There's still work to be done before that can happen, but the tools are there for Groenefeld to become the next German grand slam champion. Kuznetsova thanked Navratilova when lifting her first slam trophy, and ALG might very well be doing the same one day... maybe a great deal sooner than anyone thinks. Graf used her forehand to climb to great heights, but Groenefeld will use her serve. It could develop into the best point-starting (and ending) shot in the women's game, and that's enough to lead to great things even without the additional "unofficial" coaching/mentoring of Navratilova. With it, who knows what'll happen. Remember, the equally-rangy, but less-athletic Davenport won three slam titles at roughly the same age (22-23) mainly because of the sometimes-lethal nature of her serve. As things stand now, Groenefeld is still looking for a breakthrough moment, be it winning her first WTA singles title (she was 0-3 in finals in '05) or a major upset at a grand slam. Whenever it comes, though, her career could change markedly soon after as her confidence spikes. If it comes early in '06... look out, this could be a monster season for Backspin's (and Germany's) Girl Friday.

So, yes, the search is over for Steffi's successor, and the best is yet to come in this story. Groenefeld's WTA bio says that she admires Graf. Hmmm, maybe Fraulein Forehand will soon reflect a little of that praise back in the direction of her heir. Imagine it... one day Graf and Navratilova's eyes may meet in the stands as they both watch with pride the new champion that they both played at least some part in building. Ah... I think that'd be what would be referred to as the tennis world truly coming full circle. It'll be a great day.
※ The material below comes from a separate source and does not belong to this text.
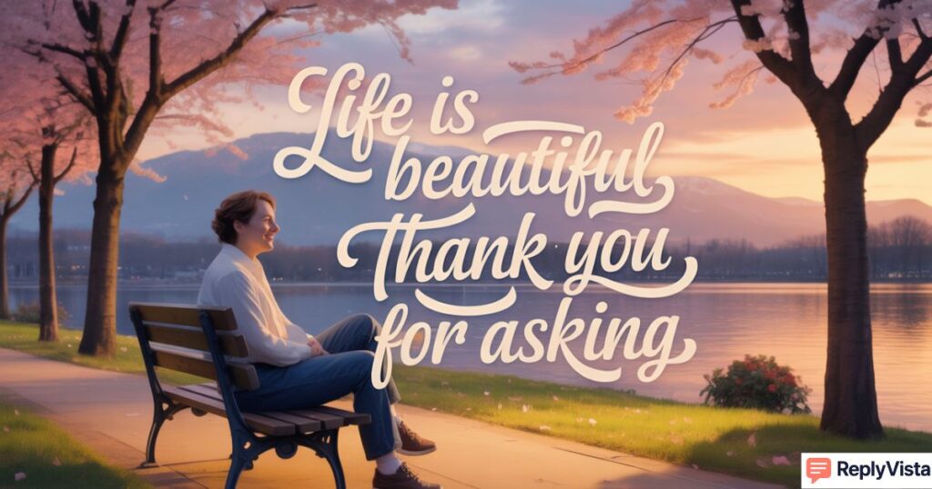 A funny reply uses light humor to deflect or bond. Good examples include: “Still breathing!”, “Living the dream… one alarm clock at a time,” or “Ask my therapist.” It’s perfect for friends who get your humor.
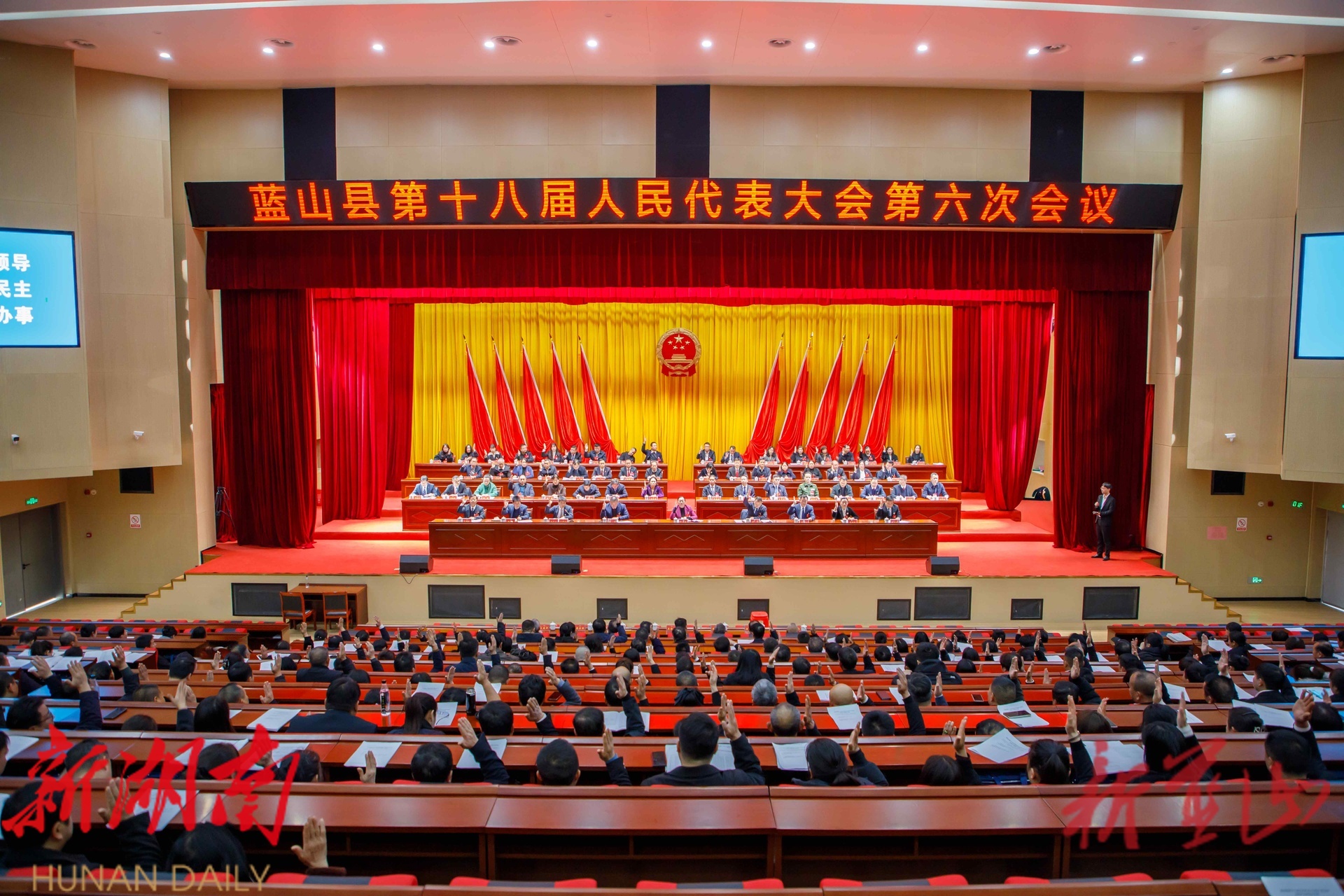 新蓝山客户端1月29日讯 (通讯员 王玉珏 盘俊杰 王艺淞 易紫轩) 1月29日,蓝山县第十八届人民代表大会第六次会议在圆满完成各项议程后,在县工人文化宫胜利闭幕。

1.Groenefeld will win her first three WTA singles titles, one of which will be a Tier I level event
2.She'll advance to at least a slam QF (and might even play on one of the four biggest Saturday's of the WTA season)
3.Along the way, she'll finally claim that overdue win over Sharapova, too...
4. she rises into the Top 10 in singles...
5. ...and Top 5 in doubles, where she'll help Navratilova win yet another slam crown

All for now.


NEXT: "2006 Over/Under," as well as "2006 Dumpers & Slumpers." Yes, two Backspin presents for the price of one on Christmas day. Now don't say I didn't give you anything.


Anonymous Ian said...

Forgive me if I'm mistaken, but didn't ALG and Navratilova have a falling-out this season and since split? Or have they kissed and made up?

Sun Dec 25, 03:55:00 AM EST  
Blogger Todd Spiker said...

I haven't seen anything about that happening, but I guess I could have missed it.

Maybe you're thinking about that they didn't play together the last few months of last season? But Navratilova didn't play at all towards the end of the season, so...

Also, pushing 50 as she is, Navtratilova likely won't play a full schedule in '06, so ALG would end up playing more with other players, such as possibly Nadia Petrova. Petrova stated as much late last season in an interview here:

As I said, unless I missed it -- and I couldn't find anything tonight -- I suppose it's a wait-and-see situation with Navratilova, her health, etc. Hopefully, they'll play quite a few tournaments together... I think it'd be good for ALG at this stage in her career. :)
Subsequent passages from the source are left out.